_Assignment_
For the data below, retype word for word the lines from the one containing "- Switch your" through the one containing "证券之星消息,11月10日,深证200R"; drop the pictures.
Start of Data for analysis
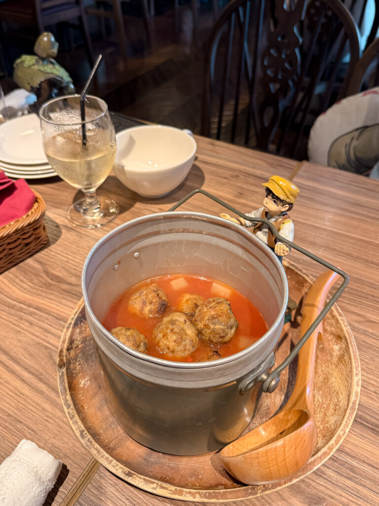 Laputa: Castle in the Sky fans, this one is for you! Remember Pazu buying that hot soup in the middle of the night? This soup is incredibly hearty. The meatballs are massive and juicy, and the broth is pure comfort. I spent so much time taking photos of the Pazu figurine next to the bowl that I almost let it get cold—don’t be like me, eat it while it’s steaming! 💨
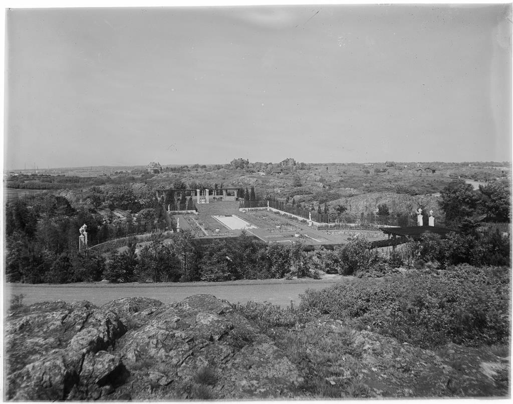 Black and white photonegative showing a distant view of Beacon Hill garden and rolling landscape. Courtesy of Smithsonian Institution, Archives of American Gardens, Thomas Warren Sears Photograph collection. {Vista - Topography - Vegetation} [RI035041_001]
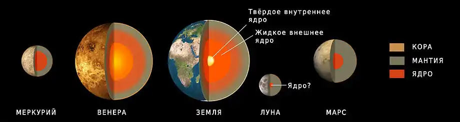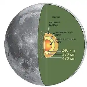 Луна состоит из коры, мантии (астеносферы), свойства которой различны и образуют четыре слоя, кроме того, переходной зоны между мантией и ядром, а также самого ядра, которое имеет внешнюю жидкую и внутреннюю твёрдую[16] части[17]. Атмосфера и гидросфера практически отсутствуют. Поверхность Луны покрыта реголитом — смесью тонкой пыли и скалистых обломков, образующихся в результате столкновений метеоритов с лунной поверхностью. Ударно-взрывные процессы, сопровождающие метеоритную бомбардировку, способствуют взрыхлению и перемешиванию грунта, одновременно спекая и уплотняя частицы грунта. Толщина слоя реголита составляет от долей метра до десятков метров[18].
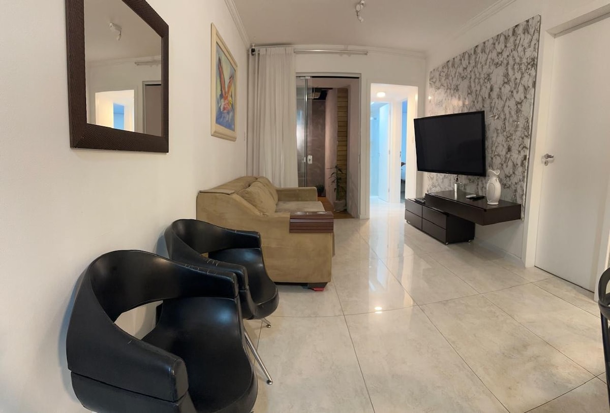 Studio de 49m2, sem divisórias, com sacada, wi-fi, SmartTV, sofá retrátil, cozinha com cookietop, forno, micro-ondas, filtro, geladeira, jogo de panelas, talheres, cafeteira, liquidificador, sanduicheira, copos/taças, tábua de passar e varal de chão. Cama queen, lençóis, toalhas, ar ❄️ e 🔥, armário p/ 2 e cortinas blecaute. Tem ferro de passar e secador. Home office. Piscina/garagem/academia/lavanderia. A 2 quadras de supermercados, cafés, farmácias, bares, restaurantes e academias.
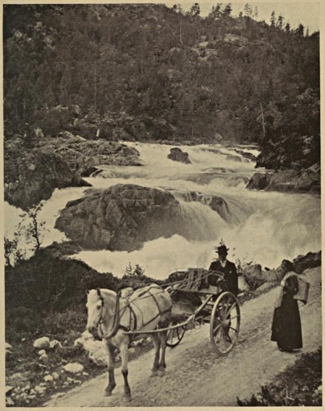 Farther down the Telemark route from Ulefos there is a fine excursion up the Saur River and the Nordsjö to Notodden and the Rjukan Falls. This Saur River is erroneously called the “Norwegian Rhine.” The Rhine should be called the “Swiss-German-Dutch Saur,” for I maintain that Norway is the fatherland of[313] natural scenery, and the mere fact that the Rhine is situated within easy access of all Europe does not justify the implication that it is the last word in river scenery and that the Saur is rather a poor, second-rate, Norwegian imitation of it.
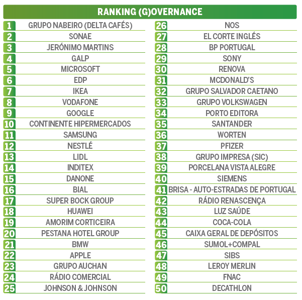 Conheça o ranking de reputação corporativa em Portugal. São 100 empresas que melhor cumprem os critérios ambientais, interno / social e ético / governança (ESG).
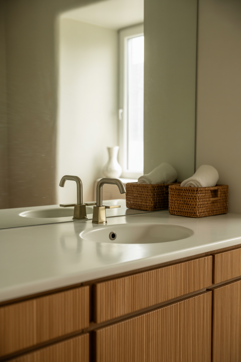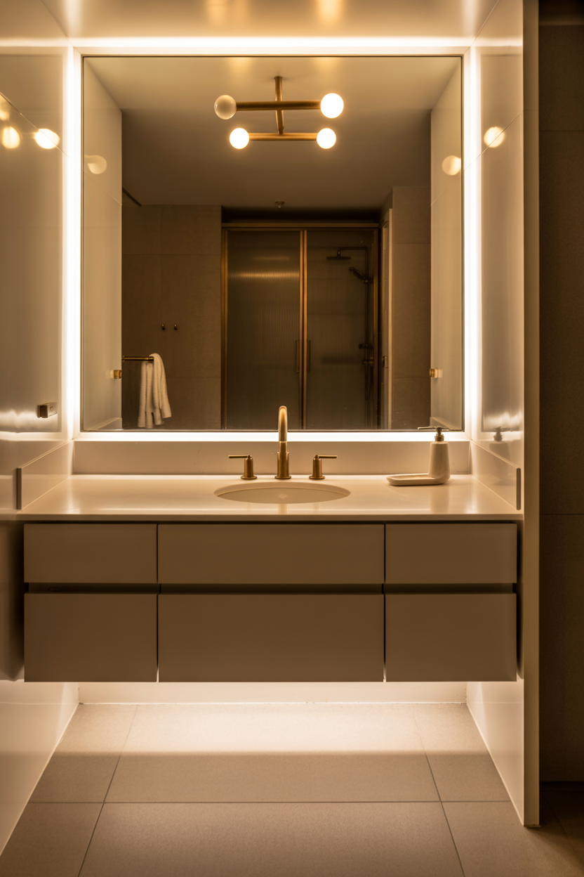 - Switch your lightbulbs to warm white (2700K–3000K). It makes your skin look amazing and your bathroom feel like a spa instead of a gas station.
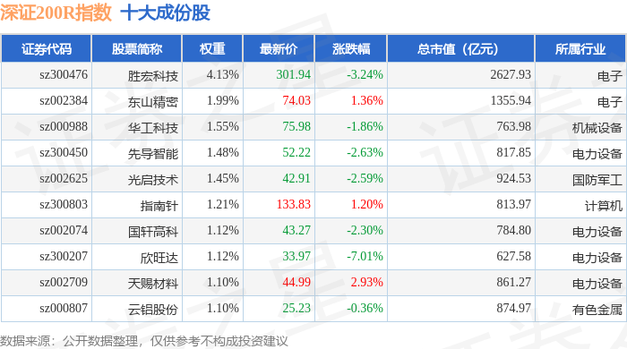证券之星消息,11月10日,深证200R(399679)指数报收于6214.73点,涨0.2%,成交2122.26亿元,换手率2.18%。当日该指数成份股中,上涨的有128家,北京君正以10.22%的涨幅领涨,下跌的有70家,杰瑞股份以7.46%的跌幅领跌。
End of Data for analysis
Start of Data for analysis
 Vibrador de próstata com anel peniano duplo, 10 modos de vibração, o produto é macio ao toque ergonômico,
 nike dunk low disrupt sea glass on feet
End of Data for analysis
_Answer below_
 - Switch your lightbulbs to warm white (2700K–3000K). It makes your skin look amazing and your bathroom feel like a spa instead of a gas station.
证券之星消息,11月10日,深证200R(399679)指数报收于6214.73点,涨0.2%,成交2122.26亿元,换手率2.18%。当日该指数成份股中,上涨的有128家,北京君正以10.22%的涨幅领涨,下跌的有70家,杰瑞股份以7.46%的跌幅领跌。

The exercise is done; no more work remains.